The Clergy’s Place is With the Protesters in Ferguson November 23, 2014

My Dear Fellow Clergy:

It been brought to my attention that some of you are questioning the intentions of the protest movement in Ferguson, Missouri, and of the clergy supporting it. While having one’s intentions questioned is not new, it appears necessary to address these concerns while so much is at stake during these dark days of American democracy.

I am a preacher of the gospel of Jesus — a poor dispossessed peasant whose life was cut short by state violence. For over a century, men and women in my family have preached that a hunted and hated people must always respond with dignity and deep abiding love.

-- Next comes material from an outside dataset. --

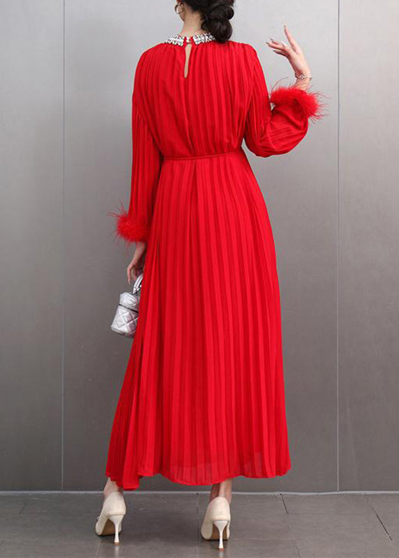 Italian Red O-Neck Wrinkled Patchwork Zircon Maxi Dresses Spring

The gospel is not neutral. It is a calling to become the living flesh of justice in a death-dealing society. Born in the heat of slavery and refined in the struggle for justice, this is my ideology. Some have noted I have been seen consorting with anarchists and communists. While I disagree with the ideological proclivities of many people, they are, nonetheless, children of God. And is not the gospel for the anarchist, the faithful and the communist alike? There is room for all at the table of justice.

In August, when militarized police occupied Ferguson, Phil Agnew, co-founder of the Dream Defenders, presented me with a challenge: “Ferguson will determine whether or not the church is still relevant.” Our teargas summer has become a bitter winter of waiting, and the clergy seem to be running that risk of irrelevancy. Some have expressed dismay at the angry youth who responded to both the unconscionable killing of Mike Brown and the unconstitutional repression of protest. It has been noted that the rage-filled protesters make many clergy and their congregants uncomfortable, and that acts of civil disobedience have caused our movement to lose ground in the white community.

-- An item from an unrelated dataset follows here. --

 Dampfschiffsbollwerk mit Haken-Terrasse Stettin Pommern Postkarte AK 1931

White anxiety cannot become the measure of this movement or of the nation. Our movement must not be guided by the need to assuage white discomfort in the face of righteous black rage. Too often, there has been minimal or fleeting efforts by many in the liberal white community to address police brutality and the bone-crushing poverty exacted upon black bodies across this nation. If we rush to accommodate and appease those white liberals whose presence on the streets of Ferguson has been negligible, we betray the blood of the innumerable Mike Browns of America.